Конечно, ничего этого Машенька молоденькому младшему лейтенанту не рассказала, а на вопрос: "Как у вас тут?" - ответила, улыбнувшись:
- Тишь, гладь и божья благодать...
Сколько лет прошло, а Михаил Павлович все помнил, помнил ту Машенькину улыбку...
"Михаил Павлович, расскажите про войну!" Но сколько ни упрашивали, он никогда не рассказывал. Знал: им про подвиги подавай да про то, какой ты в ту пору был героический и отважный. А Михаил Павлович всю войну боялся.
За маму боялся и за братика, оставшихся в Москве.
За друзей Севу и Юрика, тоже где-то воевавших.
А потом еще и за Машеньку...
А после войны не осталось у него ни мамы, ни братика, ни друзей.

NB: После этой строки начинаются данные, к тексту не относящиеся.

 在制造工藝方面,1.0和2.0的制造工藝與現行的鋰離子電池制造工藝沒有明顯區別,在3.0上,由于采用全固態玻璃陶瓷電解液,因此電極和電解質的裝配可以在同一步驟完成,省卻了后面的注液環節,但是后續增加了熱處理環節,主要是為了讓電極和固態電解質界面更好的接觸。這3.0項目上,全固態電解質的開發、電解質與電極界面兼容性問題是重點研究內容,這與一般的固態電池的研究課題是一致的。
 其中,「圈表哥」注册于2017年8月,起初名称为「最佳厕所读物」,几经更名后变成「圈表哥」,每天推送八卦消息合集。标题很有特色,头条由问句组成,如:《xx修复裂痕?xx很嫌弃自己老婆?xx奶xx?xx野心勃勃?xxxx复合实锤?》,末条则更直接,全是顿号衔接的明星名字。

Только Машенька. Но об этом Михаил Павлович рассказывать никому не хотел. Разве только Аньке немножко.
Потому что - необъяснимо - но Анька была удивительно похожа на Машеньку... Ну то есть это совершенно непонятно, но, когда Анька улыбалась, Михаилу Павловичу хотелось закрыть глаза. Та, давняя, юная Машенька смотрела на него, только без косичек.

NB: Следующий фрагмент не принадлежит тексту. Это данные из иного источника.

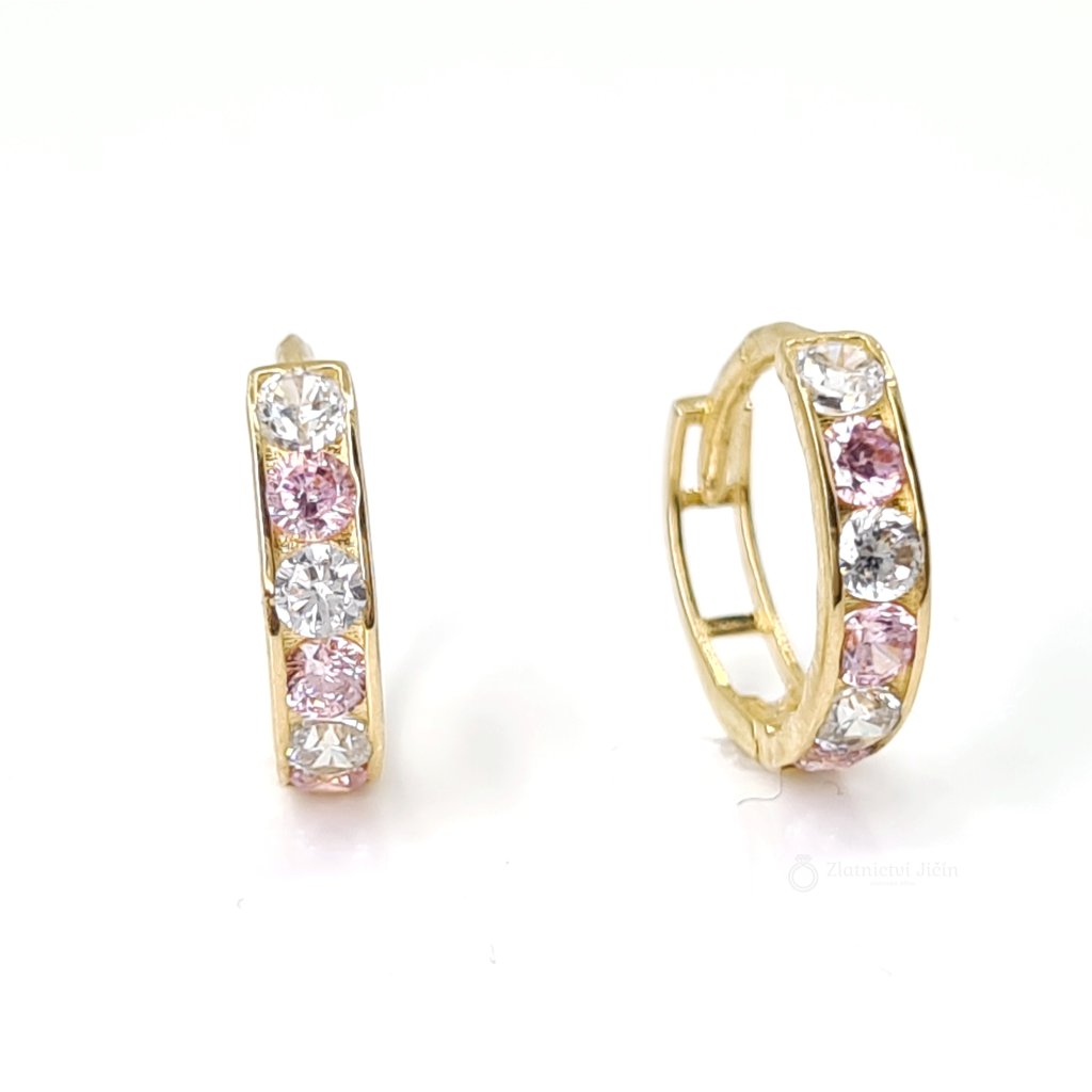 Tyto klasické dámské náušnice - kroužky, jsou z poloviny obvodu doplněny zářivými bílými a růžovými zirkony.

Он всегда мечтал о внучке, именно о такой! Ничего, что с ней забот не оберешься, с упрямицей. Ничего, что она больше походит на мальчишку, вечно попадает в истории. Ничего, ничего, это пройдет!
- Когда? - с интересом спросил с потолка Карл Иванович, он любил подслушивать чужие мысли.
А Михаил Павлович улыбнулся:
- Думаю, очень скоро.
- Прямо, потом направо, - подсказал сверчок.
Так оно и было: свернув из коридора в тупичок, Михаил Павлович обнаружил Аньку. Она сидела на полу и не сводила сердитых горестных глаз с некой черной коробки, на которой горел красный огонек. Михаил Павлович сразу догадался, что это такое. Ах, Кузя, Кузя...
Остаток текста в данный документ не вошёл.